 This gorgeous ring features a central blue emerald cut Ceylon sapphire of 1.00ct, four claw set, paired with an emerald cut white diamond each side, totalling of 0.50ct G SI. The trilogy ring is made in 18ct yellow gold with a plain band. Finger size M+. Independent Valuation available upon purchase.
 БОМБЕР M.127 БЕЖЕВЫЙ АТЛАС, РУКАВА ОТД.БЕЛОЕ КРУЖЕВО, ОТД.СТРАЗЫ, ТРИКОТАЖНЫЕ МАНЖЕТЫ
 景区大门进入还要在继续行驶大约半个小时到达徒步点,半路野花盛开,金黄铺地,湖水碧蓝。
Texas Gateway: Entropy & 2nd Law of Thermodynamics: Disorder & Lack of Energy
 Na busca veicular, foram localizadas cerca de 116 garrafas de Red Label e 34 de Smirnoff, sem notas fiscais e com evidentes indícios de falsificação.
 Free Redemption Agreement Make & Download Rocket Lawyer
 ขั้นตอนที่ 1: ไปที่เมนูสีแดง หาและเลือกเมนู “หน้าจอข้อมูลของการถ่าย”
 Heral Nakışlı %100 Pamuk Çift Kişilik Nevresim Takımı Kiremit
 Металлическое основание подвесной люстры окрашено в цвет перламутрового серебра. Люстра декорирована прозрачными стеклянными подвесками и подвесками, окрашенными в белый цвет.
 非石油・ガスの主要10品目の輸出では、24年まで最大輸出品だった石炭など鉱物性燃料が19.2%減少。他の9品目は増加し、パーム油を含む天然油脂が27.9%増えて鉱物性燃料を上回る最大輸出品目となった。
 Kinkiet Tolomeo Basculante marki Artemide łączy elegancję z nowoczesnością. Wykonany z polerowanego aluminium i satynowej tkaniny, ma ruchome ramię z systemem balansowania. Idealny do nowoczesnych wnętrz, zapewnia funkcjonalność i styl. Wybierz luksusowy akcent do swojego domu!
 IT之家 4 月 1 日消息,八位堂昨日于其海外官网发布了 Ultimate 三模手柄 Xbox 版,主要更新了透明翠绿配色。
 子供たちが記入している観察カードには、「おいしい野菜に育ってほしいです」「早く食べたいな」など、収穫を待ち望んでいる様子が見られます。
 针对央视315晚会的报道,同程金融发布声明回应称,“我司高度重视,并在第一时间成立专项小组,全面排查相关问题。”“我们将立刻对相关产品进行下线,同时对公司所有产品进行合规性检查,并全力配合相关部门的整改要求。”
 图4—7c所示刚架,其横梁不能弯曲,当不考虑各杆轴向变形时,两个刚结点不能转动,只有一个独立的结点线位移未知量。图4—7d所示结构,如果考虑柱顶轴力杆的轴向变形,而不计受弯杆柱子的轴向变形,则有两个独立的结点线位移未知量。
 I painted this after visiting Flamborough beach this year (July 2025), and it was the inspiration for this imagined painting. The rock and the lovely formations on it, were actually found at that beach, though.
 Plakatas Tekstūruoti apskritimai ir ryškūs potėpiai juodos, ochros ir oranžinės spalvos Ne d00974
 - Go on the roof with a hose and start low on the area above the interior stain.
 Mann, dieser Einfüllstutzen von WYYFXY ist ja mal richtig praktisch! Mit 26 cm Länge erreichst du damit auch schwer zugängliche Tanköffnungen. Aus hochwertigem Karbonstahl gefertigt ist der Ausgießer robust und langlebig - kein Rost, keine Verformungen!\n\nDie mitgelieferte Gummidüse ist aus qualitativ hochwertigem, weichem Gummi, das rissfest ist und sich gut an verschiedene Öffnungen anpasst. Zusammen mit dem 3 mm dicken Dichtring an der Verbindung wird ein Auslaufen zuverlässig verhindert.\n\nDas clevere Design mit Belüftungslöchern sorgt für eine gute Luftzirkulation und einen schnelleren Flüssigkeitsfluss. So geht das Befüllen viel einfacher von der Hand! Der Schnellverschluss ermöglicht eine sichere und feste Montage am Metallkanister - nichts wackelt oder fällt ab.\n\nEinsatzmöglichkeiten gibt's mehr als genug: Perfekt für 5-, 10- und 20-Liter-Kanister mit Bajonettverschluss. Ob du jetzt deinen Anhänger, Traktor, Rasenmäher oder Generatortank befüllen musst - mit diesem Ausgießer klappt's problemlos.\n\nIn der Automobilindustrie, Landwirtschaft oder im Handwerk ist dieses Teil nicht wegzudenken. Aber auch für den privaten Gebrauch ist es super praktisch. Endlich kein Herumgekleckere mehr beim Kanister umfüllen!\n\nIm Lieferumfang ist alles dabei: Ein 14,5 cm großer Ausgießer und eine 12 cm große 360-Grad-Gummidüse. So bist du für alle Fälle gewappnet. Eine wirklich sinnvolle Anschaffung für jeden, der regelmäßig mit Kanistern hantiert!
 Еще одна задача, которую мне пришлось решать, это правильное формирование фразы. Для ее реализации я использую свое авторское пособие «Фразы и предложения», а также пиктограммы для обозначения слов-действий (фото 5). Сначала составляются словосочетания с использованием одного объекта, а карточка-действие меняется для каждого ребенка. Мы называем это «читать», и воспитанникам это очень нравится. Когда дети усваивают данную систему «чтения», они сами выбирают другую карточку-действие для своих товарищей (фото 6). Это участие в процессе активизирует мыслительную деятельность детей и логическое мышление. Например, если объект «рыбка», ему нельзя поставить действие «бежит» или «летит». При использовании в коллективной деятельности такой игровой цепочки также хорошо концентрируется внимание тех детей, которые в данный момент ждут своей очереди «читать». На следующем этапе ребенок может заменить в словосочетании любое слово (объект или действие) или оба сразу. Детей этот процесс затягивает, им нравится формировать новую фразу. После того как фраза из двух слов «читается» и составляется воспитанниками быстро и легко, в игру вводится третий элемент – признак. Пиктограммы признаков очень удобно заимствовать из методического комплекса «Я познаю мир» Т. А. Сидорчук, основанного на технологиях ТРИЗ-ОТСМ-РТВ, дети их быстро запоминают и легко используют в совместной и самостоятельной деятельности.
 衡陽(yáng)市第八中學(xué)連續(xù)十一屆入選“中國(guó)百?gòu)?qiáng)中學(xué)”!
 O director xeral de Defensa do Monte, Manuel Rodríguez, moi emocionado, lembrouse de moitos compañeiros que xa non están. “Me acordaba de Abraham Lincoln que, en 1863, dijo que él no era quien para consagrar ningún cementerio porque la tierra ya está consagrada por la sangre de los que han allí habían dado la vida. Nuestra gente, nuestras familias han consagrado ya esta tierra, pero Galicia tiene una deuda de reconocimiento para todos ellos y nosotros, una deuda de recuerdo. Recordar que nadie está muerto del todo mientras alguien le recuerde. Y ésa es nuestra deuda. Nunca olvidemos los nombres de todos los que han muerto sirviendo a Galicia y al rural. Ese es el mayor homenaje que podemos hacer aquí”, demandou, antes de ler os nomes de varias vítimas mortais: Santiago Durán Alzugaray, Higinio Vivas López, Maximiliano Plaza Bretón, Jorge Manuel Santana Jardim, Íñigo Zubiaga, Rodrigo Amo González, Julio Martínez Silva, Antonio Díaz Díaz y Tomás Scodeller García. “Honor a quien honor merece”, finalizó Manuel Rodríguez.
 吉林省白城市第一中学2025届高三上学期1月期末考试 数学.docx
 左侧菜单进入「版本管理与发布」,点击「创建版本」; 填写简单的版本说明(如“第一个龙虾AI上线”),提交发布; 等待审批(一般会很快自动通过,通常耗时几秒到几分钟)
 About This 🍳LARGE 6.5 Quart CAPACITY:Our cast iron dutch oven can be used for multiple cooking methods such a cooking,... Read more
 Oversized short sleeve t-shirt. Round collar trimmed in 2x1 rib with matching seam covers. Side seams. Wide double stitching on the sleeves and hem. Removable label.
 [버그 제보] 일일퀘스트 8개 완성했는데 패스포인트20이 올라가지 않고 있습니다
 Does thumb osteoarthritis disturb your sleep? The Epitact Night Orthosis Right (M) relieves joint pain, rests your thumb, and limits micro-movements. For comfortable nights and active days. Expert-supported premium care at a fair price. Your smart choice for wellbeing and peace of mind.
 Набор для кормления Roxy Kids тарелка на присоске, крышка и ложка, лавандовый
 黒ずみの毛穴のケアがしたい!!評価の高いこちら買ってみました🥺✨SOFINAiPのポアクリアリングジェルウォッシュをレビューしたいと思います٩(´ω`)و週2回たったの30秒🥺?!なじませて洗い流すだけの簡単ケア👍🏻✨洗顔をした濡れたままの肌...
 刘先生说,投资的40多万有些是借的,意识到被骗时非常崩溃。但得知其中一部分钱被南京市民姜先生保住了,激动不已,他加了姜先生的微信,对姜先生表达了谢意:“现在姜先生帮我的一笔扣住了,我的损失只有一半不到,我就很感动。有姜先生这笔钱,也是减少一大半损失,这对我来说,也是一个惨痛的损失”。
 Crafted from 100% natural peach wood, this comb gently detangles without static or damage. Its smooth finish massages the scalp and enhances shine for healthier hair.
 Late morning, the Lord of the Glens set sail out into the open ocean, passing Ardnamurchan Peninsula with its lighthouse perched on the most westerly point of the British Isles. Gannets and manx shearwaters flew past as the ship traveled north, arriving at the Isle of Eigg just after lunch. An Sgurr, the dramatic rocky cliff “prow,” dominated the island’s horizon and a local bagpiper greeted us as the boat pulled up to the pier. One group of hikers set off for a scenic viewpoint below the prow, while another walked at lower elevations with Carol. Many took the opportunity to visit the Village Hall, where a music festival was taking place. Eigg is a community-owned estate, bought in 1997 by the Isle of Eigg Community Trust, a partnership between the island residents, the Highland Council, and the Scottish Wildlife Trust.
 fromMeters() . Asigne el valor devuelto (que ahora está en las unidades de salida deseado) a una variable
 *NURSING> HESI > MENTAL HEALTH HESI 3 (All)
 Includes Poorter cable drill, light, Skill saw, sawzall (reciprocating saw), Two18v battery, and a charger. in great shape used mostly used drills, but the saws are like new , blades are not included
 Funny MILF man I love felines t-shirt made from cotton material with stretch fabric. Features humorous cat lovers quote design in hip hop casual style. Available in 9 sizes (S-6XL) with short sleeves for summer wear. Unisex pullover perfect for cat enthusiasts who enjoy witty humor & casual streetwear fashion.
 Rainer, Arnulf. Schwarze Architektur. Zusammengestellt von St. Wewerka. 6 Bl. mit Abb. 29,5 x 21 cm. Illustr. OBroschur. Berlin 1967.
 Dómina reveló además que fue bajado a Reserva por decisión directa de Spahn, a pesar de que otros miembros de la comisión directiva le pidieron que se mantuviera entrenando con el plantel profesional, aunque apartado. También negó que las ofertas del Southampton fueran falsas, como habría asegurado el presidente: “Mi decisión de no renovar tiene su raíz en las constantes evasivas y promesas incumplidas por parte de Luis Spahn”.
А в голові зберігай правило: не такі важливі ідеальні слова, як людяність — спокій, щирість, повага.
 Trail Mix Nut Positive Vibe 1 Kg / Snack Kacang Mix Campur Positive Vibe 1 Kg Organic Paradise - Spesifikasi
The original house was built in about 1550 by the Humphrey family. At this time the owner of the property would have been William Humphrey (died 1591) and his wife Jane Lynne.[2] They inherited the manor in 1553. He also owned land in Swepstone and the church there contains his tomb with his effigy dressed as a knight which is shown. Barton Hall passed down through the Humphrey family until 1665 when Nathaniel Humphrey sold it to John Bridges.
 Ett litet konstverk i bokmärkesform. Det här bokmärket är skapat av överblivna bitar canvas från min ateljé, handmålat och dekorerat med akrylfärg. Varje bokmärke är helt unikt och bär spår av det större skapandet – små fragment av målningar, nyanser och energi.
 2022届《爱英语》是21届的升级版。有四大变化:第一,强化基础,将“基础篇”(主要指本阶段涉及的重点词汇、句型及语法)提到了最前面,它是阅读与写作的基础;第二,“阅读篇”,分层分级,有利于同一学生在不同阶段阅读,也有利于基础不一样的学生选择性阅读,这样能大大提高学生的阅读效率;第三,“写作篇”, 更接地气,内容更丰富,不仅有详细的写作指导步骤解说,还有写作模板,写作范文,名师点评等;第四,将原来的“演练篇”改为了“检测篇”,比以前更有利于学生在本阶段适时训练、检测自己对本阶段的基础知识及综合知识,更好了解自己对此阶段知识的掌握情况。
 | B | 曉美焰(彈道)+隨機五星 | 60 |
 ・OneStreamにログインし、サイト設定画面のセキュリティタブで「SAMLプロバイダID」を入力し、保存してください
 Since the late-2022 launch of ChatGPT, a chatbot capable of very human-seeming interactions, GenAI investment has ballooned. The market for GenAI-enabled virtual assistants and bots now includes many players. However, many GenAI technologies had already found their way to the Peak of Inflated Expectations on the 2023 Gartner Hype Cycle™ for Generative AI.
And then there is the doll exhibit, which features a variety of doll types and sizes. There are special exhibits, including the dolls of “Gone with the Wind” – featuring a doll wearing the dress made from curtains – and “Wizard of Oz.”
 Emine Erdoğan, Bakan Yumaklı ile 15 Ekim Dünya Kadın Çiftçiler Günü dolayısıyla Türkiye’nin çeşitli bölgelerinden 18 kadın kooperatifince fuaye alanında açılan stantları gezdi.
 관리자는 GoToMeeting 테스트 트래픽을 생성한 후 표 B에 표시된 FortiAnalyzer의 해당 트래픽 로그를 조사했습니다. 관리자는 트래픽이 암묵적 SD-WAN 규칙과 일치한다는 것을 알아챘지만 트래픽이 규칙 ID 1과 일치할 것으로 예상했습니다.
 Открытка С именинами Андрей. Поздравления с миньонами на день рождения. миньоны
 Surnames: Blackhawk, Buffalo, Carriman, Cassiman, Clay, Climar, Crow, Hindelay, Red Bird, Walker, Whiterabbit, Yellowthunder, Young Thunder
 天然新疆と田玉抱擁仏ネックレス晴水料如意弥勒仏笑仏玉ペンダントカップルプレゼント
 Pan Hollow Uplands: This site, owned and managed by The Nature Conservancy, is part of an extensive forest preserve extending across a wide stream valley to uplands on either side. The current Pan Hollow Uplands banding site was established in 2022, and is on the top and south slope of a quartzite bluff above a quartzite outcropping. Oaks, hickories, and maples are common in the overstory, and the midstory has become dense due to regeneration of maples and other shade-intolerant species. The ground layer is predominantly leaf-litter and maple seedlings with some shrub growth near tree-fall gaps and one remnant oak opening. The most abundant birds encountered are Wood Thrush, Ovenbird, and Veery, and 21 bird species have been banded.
*****
The expected answer is one number: the count of lines in the listing that include the string "used".

> **Output below**:
2